**TASK GOAL**
An exact transcription of every record below is required, with the pictures left out.

**RECORDS SHOWN**

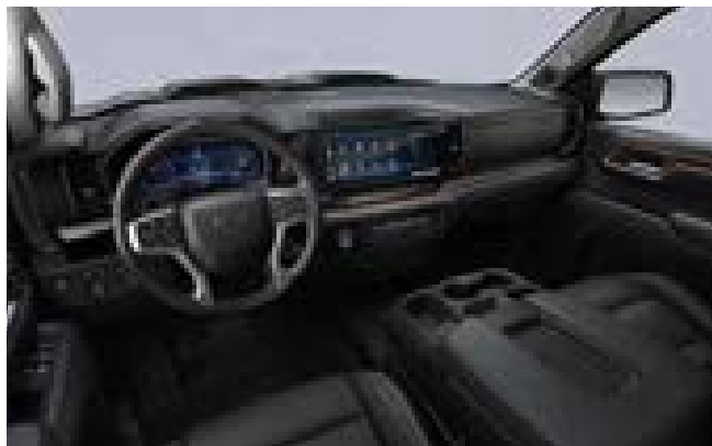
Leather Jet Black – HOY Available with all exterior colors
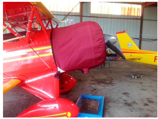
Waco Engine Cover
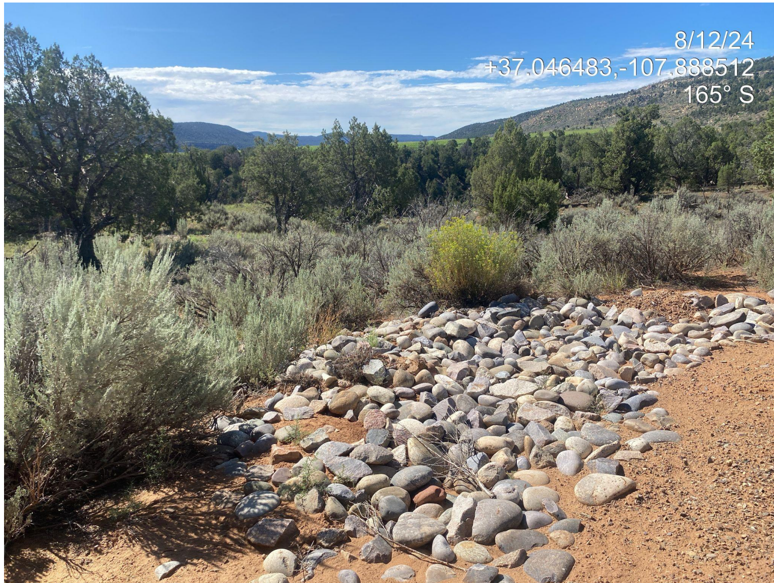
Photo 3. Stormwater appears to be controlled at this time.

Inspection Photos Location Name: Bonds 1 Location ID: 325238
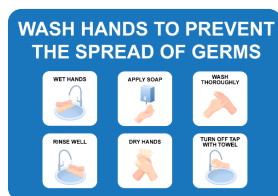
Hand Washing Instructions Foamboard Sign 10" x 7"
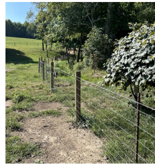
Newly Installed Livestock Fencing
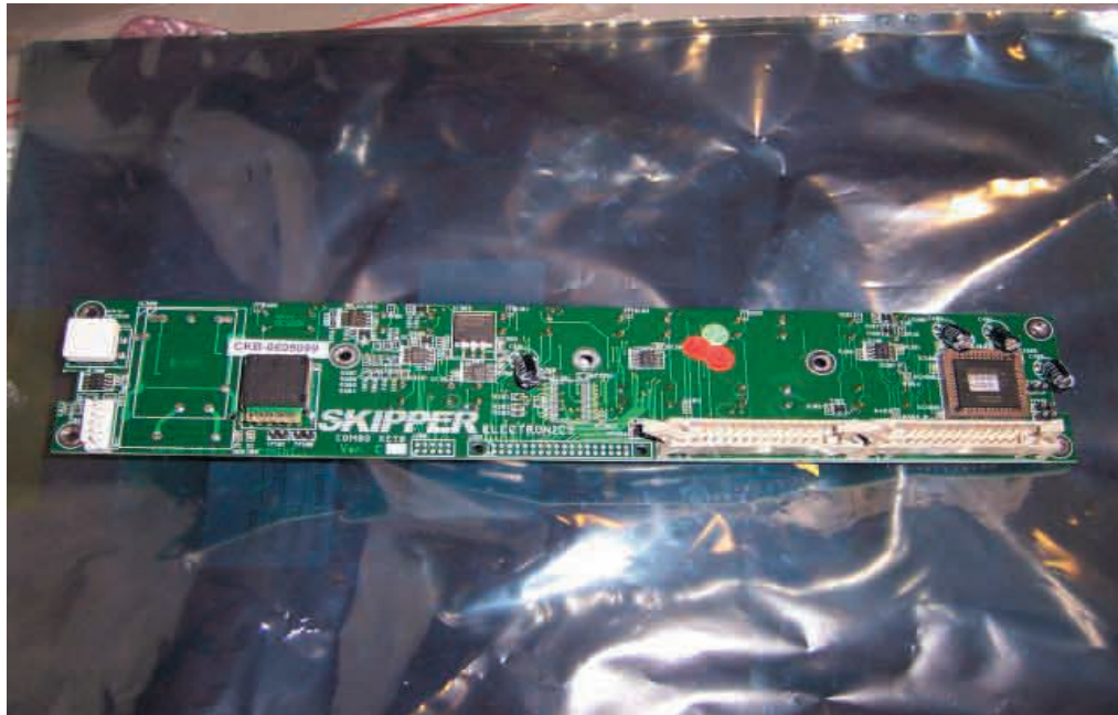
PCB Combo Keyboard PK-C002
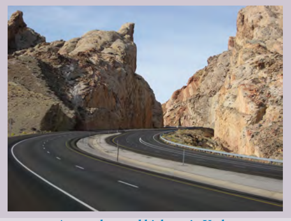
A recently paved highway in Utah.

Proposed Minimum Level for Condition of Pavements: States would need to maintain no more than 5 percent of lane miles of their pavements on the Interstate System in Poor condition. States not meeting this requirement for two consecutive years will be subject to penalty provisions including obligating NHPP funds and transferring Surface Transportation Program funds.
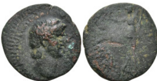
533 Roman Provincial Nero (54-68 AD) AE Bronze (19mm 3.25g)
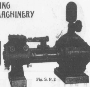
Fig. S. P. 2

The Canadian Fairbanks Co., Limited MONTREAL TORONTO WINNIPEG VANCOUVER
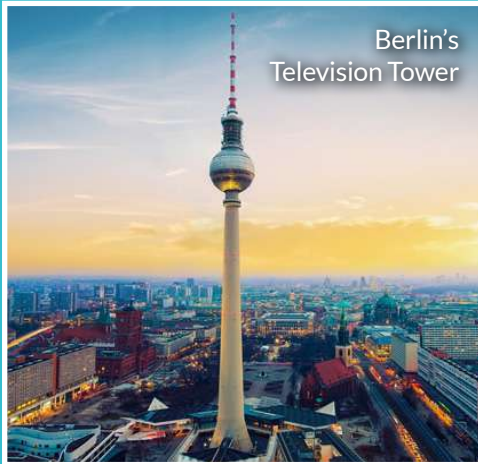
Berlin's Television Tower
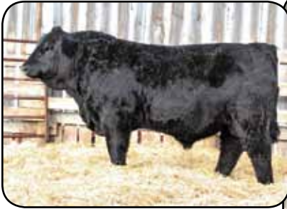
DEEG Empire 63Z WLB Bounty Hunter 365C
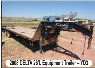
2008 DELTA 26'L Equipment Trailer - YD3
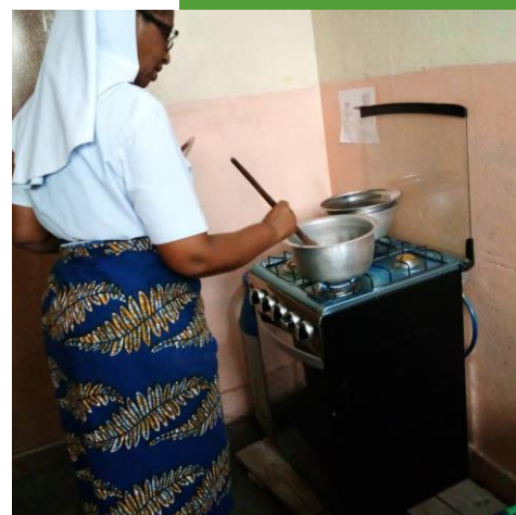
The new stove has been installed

**REPLY**
Leather Jet Black – HOY Available with all exterior colors
Waco Engine Cover
Photo 3. Stormwater appears to be controlled at this time.

Inspection Photos Location Name: Bonds 1 Location ID: 325238
Hand Washing Instructions Foamboard Sign 10" x 7"
Newly Installed Livestock Fencing
PCB Combo Keyboard PK-C002
A recently paved highway in Utah.

Proposed Minimum Level for Condition of Pavements: States would need to maintain no more than 5 percent of lane miles of their pavements on the Interstate System in Poor condition. States not meeting this requirement for two consecutive years will be subject to penalty provisions including obligating NHPP funds and transferring Surface Transportation Program funds.
533 Roman Provincial Nero (54-68 AD) AE Bronze (19mm 3.25g)
Fig. S. P. 2

The Canadian Fairbanks Co., Limited MONTREAL TORONTO WINNIPEG VANCOUVER
Berlin's Television Tower
DEEG Empire 63Z WLB Bounty Hunter 365C
2008 DELTA 26'L Equipment Trailer - YD3
The new stove has been installed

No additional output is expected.